** AVAILABLE RECORDS **
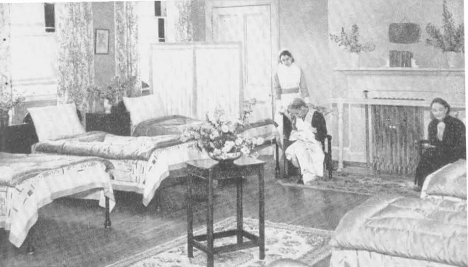
Mental Nursing—Pleasant, sunny rooms help to speed recovery
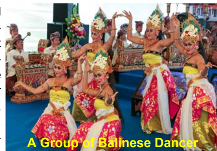
A Group of Balinese Dancer

Indonesia is the world's largest archipelago, comprising of more than 13 thousand islands, straddling the equator, situated between the continents of Asia and Australia and between the Pacific and the Indian Oceans, stretching from east to west with a length of 5,200 km and a width of 1,870 km. Indonesia has a total population of more than 240 million people (2015) from more than 200 ethnic groups. The national language is Bahasa Indonesia. Culturally, Indonesia fascinates with her rich diversity of ancient temples, music, ranging from the traditional to modern pop, dances, rituals and ways of life, differ from island to island, from region to region. Yet everywhere the visitor feels welcomed with that warm, gracious innate friendliness of the Indonesian people that is not easily forgotten.
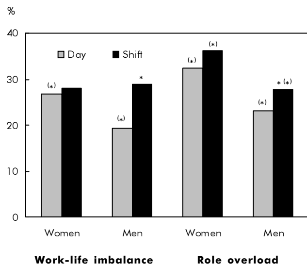
Chart C Regardless of schedule, women more likely to have work-life imbalance or role overload

* significantly different from regular day schedule (* significantly different from opposite sex
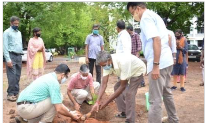
International Day for the Conservation of the Mangrove Ecosystem celebrated at IFGTB, Coimbatore
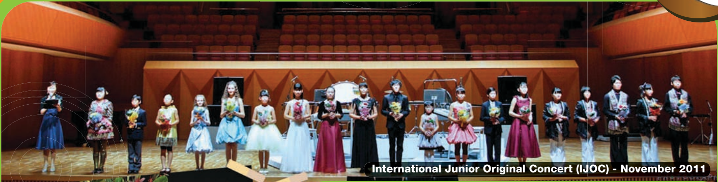
International Junior Original Concert (IJO) - November 2011
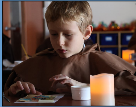
Third graders had the opportunity to live like monks and nuns for a day.
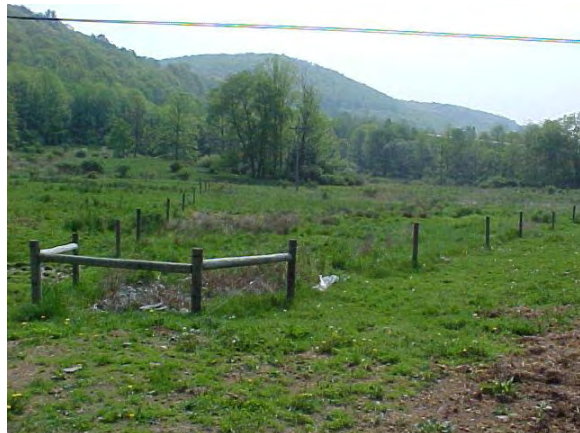
After – Spring 2004 8.4 acres of wetland protected

While there are a number of landowners that remain interested in installing more “traditional” BMPs such as storages and barnyards, demand for these types of systems is clearly diminishing in Wyoming County. The District realizes that the time to switch our emphasis to other less costly BMPs is close at hand.
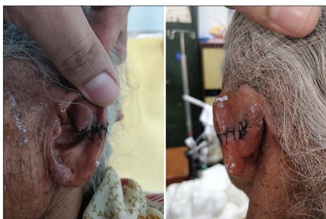
Figure 2: Postoperative images after excisional biopsy of verrucous growth over the helix of the left pinna
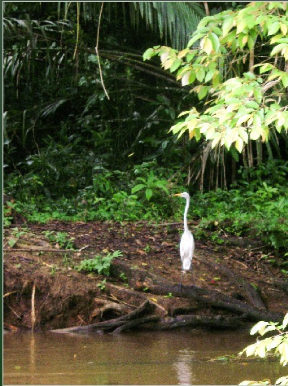
"An egret, I think. This is one of many, many birds we saw on our Canyo Negro boat ride."
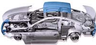
Carbon-fibre-reinforcements (marked blue) is used in the roof and bumpers.
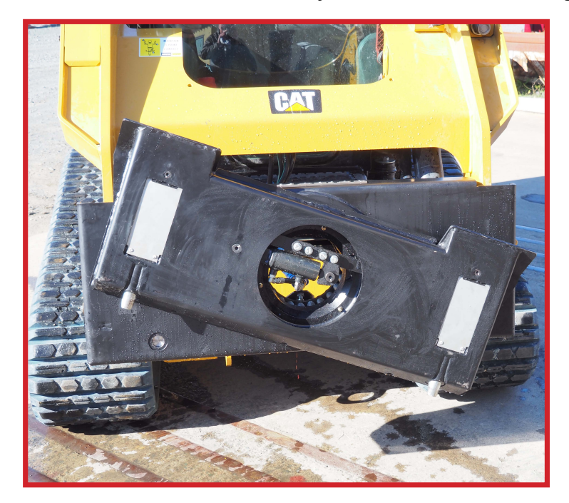
The Katipo's compact design adds only 86mm extra forward length to your machines COG

Fully controllable 22 degree left and right pitch
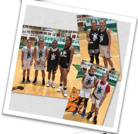
Indiana Futures Camp August 30th
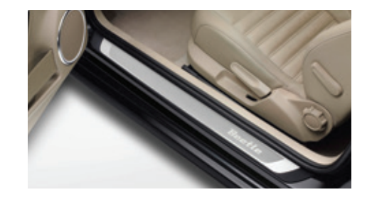
Door sill protection trim with logo
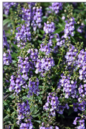
Serenita Sky Blue Angelonia flowers

Serenita Sky Blue Angelonia is an herbaceous annual with an upright spreading habit of growth. Its relatively fine texture sets it apart from other garden plants with less refined foliage.
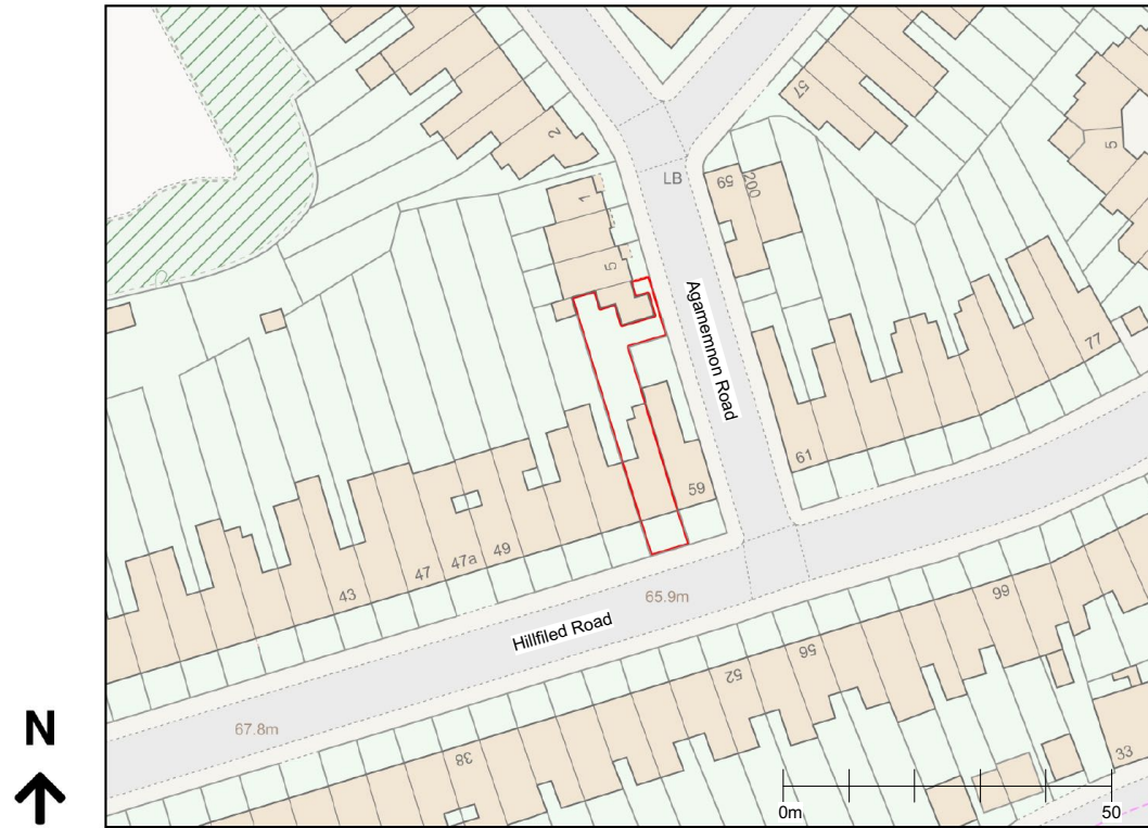
Location Plan 1:1250 57 Hillfield Road
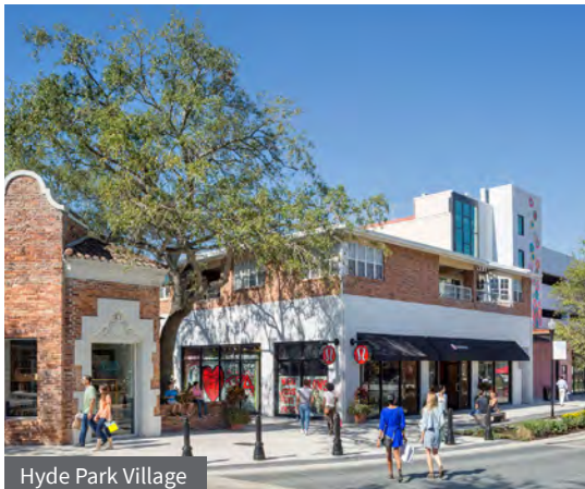
Hyde Park Village
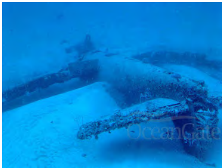
An upside down U.S. Navy Hellcat fighter plane discovered by the crew of the submarine Antipodes in deep water off Miami Beach.

MIAMI BEACH (CBSMiami) – Researchers studying artificial reefs off Miami-Dade County made an amazing discovery off Miami Beach, a mostly intact wreck of a U.S. Navy World War II fighter plane lying upside down 240 feet deep off Miami Beach, according to CBS4 News partner The Miami Herald .

** WHAT YOU SHOULD DO **
Output the records above exactly as written, but leave out the pictures.

** OUTPUT FOR THIS TASK **
Mental Nursing—Pleasant, sunny rooms help to speed recovery
A Group of Balinese Dancer

Indonesia is the world's largest archipelago, comprising of more than 13 thousand islands, straddling the equator, situated between the continents of Asia and Australia and between the Pacific and the Indian Oceans, stretching from east to west with a length of 5,200 km and a width of 1,870 km. Indonesia has a total population of more than 240 million people (2015) from more than 200 ethnic groups. The national language is Bahasa Indonesia. Culturally, Indonesia fascinates with her rich diversity of ancient temples, music, ranging from the traditional to modern pop, dances, rituals and ways of life, differ from island to island, from region to region. Yet everywhere the visitor feels welcomed with that warm, gracious innate friendliness of the Indonesian people that is not easily forgotten.
Chart C Regardless of schedule, women more likely to have work-life imbalance or role overload

* significantly different from regular day schedule (* significantly different from opposite sex
International Day for the Conservation of the Mangrove Ecosystem celebrated at IFGTB, Coimbatore
International Junior Original Concert (IJO) - November 2011
Third graders had the opportunity to live like monks and nuns for a day.
After – Spring 2004 8.4 acres of wetland protected

While there are a number of landowners that remain interested in installing more “traditional” BMPs such as storages and barnyards, demand for these types of systems is clearly diminishing in Wyoming County. The District realizes that the time to switch our emphasis to other less costly BMPs is close at hand.
Figure 2: Postoperative images after excisional biopsy of verrucous growth over the helix of the left pinna
"An egret, I think. This is one of many, many birds we saw on our Canyo Negro boat ride."
Carbon-fibre-reinforcements (marked blue) is used in the roof and bumpers.
The Katipo's compact design adds only 86mm extra forward length to your machines COG

Fully controllable 22 degree left and right pitch
Indiana Futures Camp August 30th
Door sill protection trim with logo
Serenita Sky Blue Angelonia flowers

Serenita Sky Blue Angelonia is an herbaceous annual with an upright spreading habit of growth. Its relatively fine texture sets it apart from other garden plants with less refined foliage.
Location Plan 1:1250 57 Hillfield Road
Hyde Park Village
An upside down U.S. Navy Hellcat fighter plane discovered by the crew of the submarine Antipodes in deep water off Miami Beach.

MIAMI BEACH (CBSMiami) – Researchers studying artificial reefs off Miami-Dade County made an amazing discovery off Miami Beach, a mostly intact wreck of a U.S. Navy World War II fighter plane lying upside down 240 feet deep off Miami Beach, according to CBS4 News partner The Miami Herald .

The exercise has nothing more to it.